Recent years have seen an increase in the forensic interest associated with the poison ricin, which is extracted from the seeds of the Ricinus communis plant. Both light element (C, N, O, and H) and strontium (Sr) isotope ratios have previously been used to associate organic material with geographic regions of origin. We present a Bayesian integration methodology that can more accurately predict the region of origin for a castor bean than individual models developed independently for light element stable isotopes or Sr isotope ratios. Our results demonstrate a clear improvement in the ability to correctly classify regions based on the integrated model with a class accuracy of 60.9±2.1% versus 55.9±2.1% and 40.2±1.8% for the light element and strontium (Sr) isotope ratios, respectively. In addition, we show graphically the strengths and weaknesses of each dataset in respect to class prediction and how the integration of these datasets strengthens the overall model.

1. Introduction

Castor bean is the common term used for the seed of the plant Ricinus communis. Castor beans have a long history as a commercial crop through the world and thus are a valuable commercial commodity [1]. However, castor beans also contain the toxic protein ricin, which is classified as a Schedule 1 controlled substance under the Chemical Weapons Convention and as a select agent by several other agencies. In particular, very little ricin is necessary for a lethal dose, estimated to be only 5–10 micrograms per kilogram of body weight if injected or inhaled and 1–20 milligrams if ingested [2]. Although few deaths to date have been attributed to ricin poisoning [3], recent years have seen an increase in the seizure of ricin-containing samples related to biocriminal activity [4]. Thus, methods to track the source of castor beans have the potential to be of value to investigators. Recent methods associated with the attribution of ricin-containing samples have focused on characterization of the procedure that could have been used to extract ricin from the seeds [5, 6]. These methods give valuable information to the investigator. However, the information is associated with the extracted ricin and not the castor bean. Additionally, under the circumstance that the investigator collects castor beans in lieu of the processed product, it may be of interest to discover the region from which those castor beans originated.

By integrating data from a variety of analytical instruments, it may be possible to help identify the geographic source of castor seeds. These integration methods promise to yield a more complete and accurate view of a sample compared to any individual data source. However, heterogeneous data collected from different analytical methods cannot be simply concatenated together to build a statistical model. In addition, adequately orthogonal datasets are required to construct an integration-based classifier that is more accurate than the individual models.

Here, we investigate two sources of isotope ratio (IR) data that may provide insight into the region of origin for castor beans: (1) light element (C, N, O, and H) stable isotope ratios (LeIRs) and (2) Sr isotope ratios (SrIRs). Both data types have been used to associate plant and animal material with regions of origin [711]. Stable isotope ratios of C, O, and H in plants are influenced by climate [12], while 87/86Sr isotope ratios are influenced by bedrock and soil [13], suggesting that they should be treated as independent datasets. We find that each dataset can predict region of origin more accurately than expected by chance, but with moderate success. Further, we present a statistical integration approach based on a simple Bayesian network to utilize the two datasets in combination to predict region of origin (Figure 1). The integrated classification model significantly improves our capability to predict region of origin.

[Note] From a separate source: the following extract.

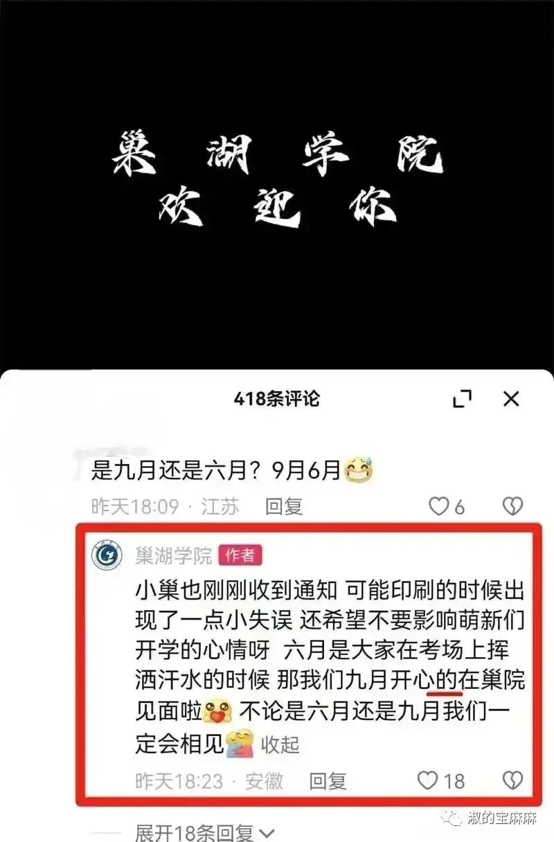 巢湖学院的官方账号在给粉丝留言的时候承认这是印刷的时候出现了一点小失误,希望不要影响萌新们开学的心情。

In addition, this statistical integration approach simultaneously yields a classification prediction as well as a probabilistic confidence in the identification.

2. Experimental Material and Methods

The castor seeds used for this study were a subset of a larger collection assembled by various means including purchasing seeds in various locales, accepting donations of seeds from collaborators, and sending seeds to volunteer growers throughout the United States [14]. The collection includes ornamental and agricultural varieties of castor seeds; our goal was to gather seeds from as geographically diverse regions as possible, and we accepted all acquisitions regardless of strain. Consequently, the collection is genetically variable. The actual growth conditions of the seeds were also not controlled; seeds could have been from irrigated plots, watered only by precipitation or any other method. From this broader collection, we subsampled seeds from 8 geographic regions from which we had multiple acquisitions to determine whether, despite the variation in genetics and potential cultivation method, there were characteristic isotope ratio values that linked the seeds to their regions of origin.

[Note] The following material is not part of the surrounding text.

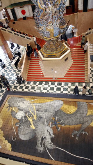 今年(2024年)2月に日本橋三越で寛永寺の根本中堂(本堂)に張る天井画が公開された。来年、創建400年を迎えるのを記念して、画家であり東京芸大名誉教授の手塚雄二さんの作品、阿形・吽形の双竜が描かれた「叡嶽双龍」。6m×12mの日本最大級の大きさの天井画は三越のシンボルである5階までの吹き抜けに立つ巨大な天女像に勝るとも劣らぬ迫力で見る者を圧倒した。

The nature of the seed collection imposed significant limitations in our definition of growth region. Ideally, a growth region would consist of an area homogeneous in geology, climate, and isotope ratios of precipitation and surface water from which we would have multiple seed acquisitions. Given the opportunistic nature of the castor seed collection, however, it lacked the sampling density in tightly constrained geographic regions required for the ideal experimental design. We therefore defined regions from diverse global locations in which we had multiple acquisitions in relatively limited areas. The sample set used in our analyses consisted of 68 castor seed acquisitions from 8 such geographic regions (Table 1).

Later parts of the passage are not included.